Personal information
- Full name: Victor Joseph Bonavia
- Born: 2 September 1893 British Malta
- Died: 20 November 1948 (aged 55) Hamburg, British Occupied Germany
- Batting: Unknown
- Bowling: Unknown

Domestic team information
- 1925/26–1928/29: Europeans

Career statistics
| Competition | First-class |
| Matches | 3 |
| Runs scored | 104 |
| Batting average | 20.80 |
| 100s/50s | –/– |
| Top score | 40 |
| Balls bowled | 6 |
| Wickets | 0 |
| Bowling average | – |
| 5 wickets in innings | – |
| 10 wickets in match | – |
| Best bowling | – |
| Catches/stumpings | –/– |
- Source: Cricinfo, 7 November 2021

= Victor Bonavia =

Maltese cricketer, physician and British Army officer

Victor Joseph Bonavia (2 September 1893 – 20 November 1948) was a Maltese first-class cricketer, physician and British Army officer.

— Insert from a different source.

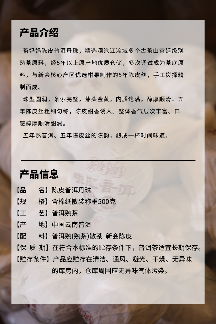 澜沧古茶茶妈妈陈皮普洱丹珠古树宫廷普洱熟茶新会陈皮丝超十年藏养散称

Bonavia was born in British Malta in September 1893. He obtained his medical doctorate at the University of Malta, before obtaining his Membership of the Royal Colleges of Physicians in London. Bonavia served in the First World War and was commissioned as a temporary lieutenant in the Royal Army Medical Corps in February 1917, being assigned to Thessaloniki. He was promoted to lieutenant in full in February 1917, obtaining the temporary rank of captain at the same time, a rank he gained in full in August 1920. He served in Thessaloniki until 1921, before transferring to Netley Hospital in 1923, where he worked as a specialist registrar until 1924. From there he went to British India, where he played first-class cricket for the Europeans cricket team on two occasions against the Sikhs in 1926 and the Muslims in 1929. He also made a first-class appearance for the Punjab Governor's XI against Northern India. In his three first-class matches, Bonavia scored 104 runs with a highest score of 44. He was promoted to major in February 1929, with Bonavia remaining in India until 1930. After returning to England where he practiced at the Royal Herbert Hospital in Woolwich, he left for China in 1932, remaining there until 1936. He later served in the Second World War, during which he was promoted to lieutenant colonel in October 1943, with his promotion to colonel following after the end of the war in November 1947. He was appointed to the BMH Hamburg in the British occupation-zone in Germany in 1947, where he died suddenly in November 1948.